E soprattutto cosa spiega l’approdo di Ornela Vorpsi a una lingua adulterata, geneticamente modificata come quella di “Fuorimondo”? Ipotesi: uno xenomorfo si è introdotto dentro di lei attraverso una “piaga grande aperta”, si è insediato nel suo “cranio” e ora le sta divorando “l’anima”. Attendiamo il sequel.

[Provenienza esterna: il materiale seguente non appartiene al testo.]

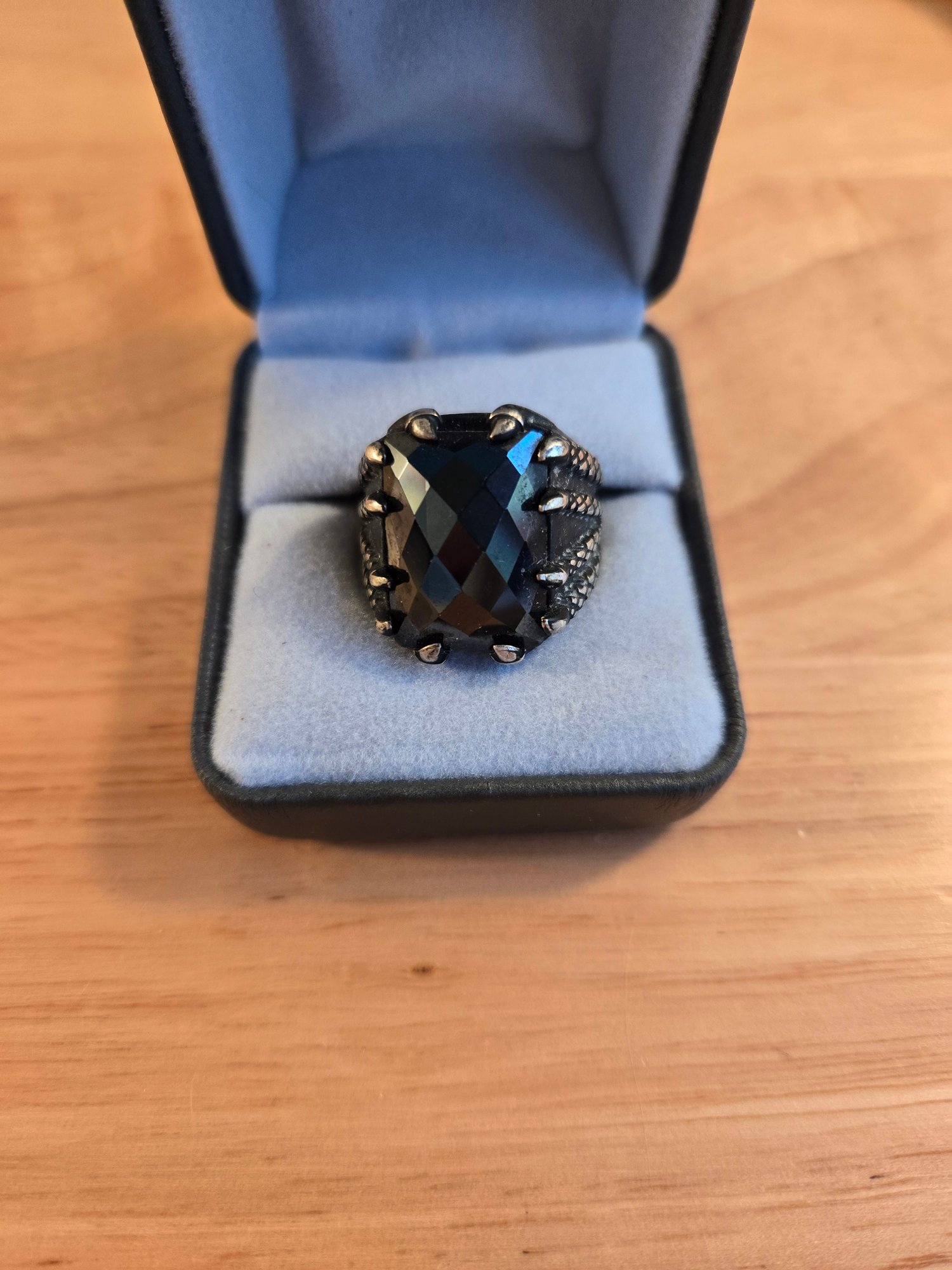 Sterling silver and black onyx men's ring. Dragon talons hold stone
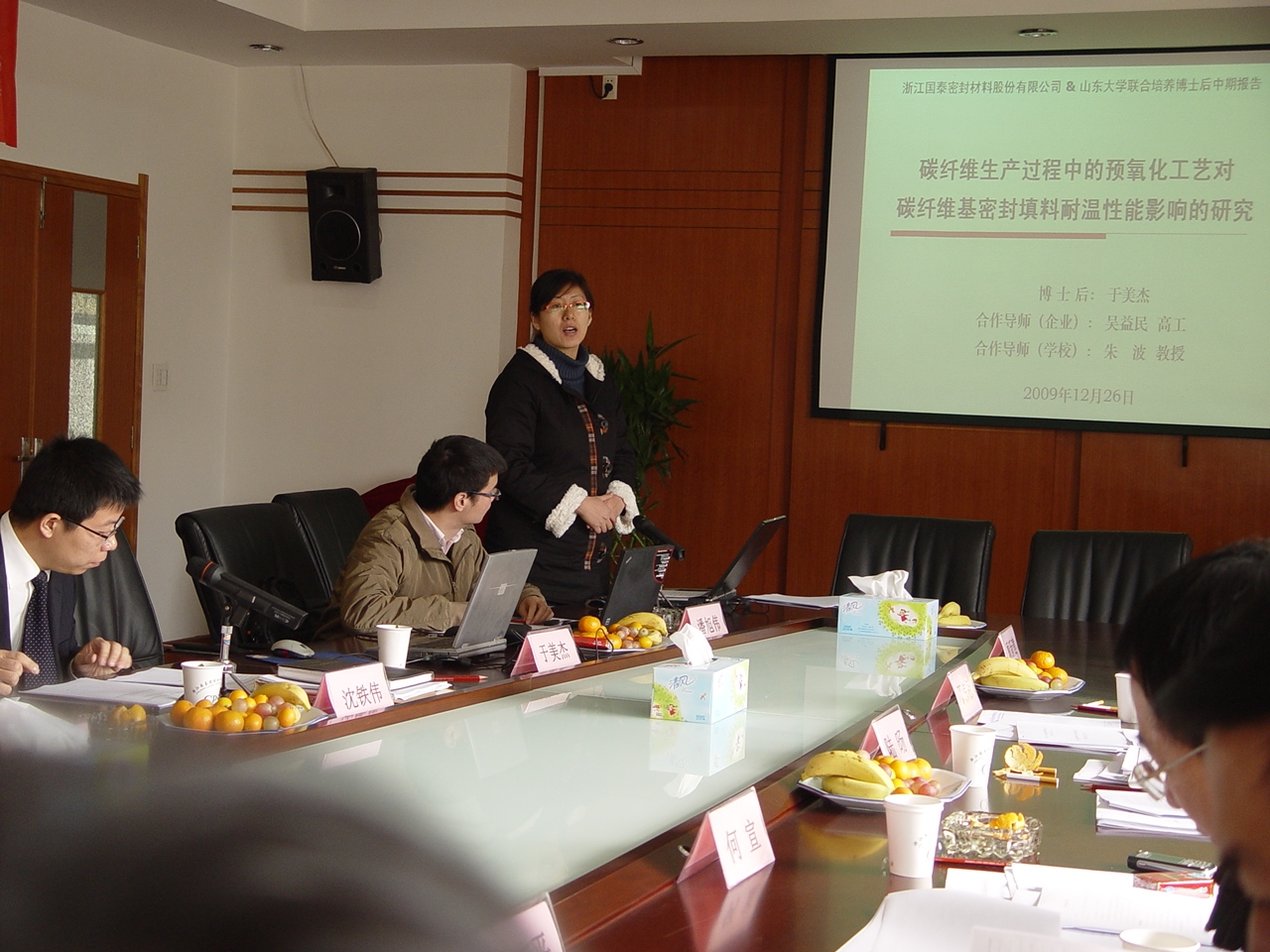会议随后对山东大学博士后于美杰的“碳纤维生产过程中的预氧化工艺对碳纤维基密封填料耐温性能影响的研究”研究课题进行中期考核。

Edizione esaminata e brevi note

Ornela Vorpsi (Tirana, 1968), scrive in italiano e le sue opere sono state tradotte in 15 paesi. E’ stata segnalata tra i trentacinque migliori scrittori europei nell’antologia Best european fiction. Presso Einaudi ha pubblicato “Il paese dove non si muore mai”, (2005), “La mano che non mordi” (2007) e “Bevete cacao van Houten” (2010).

Ornela Vorpsi, “Fuorimondo”, Einaudi, Torino, 2012.

Bibliografia consigliata: Andrea Cortellessa, “Narratori degli Anni Zero”, Roma, Ponte Sisto, 2012.

Approfondimento in rete: RECENSORE + VIADELLEBELLEDONNE.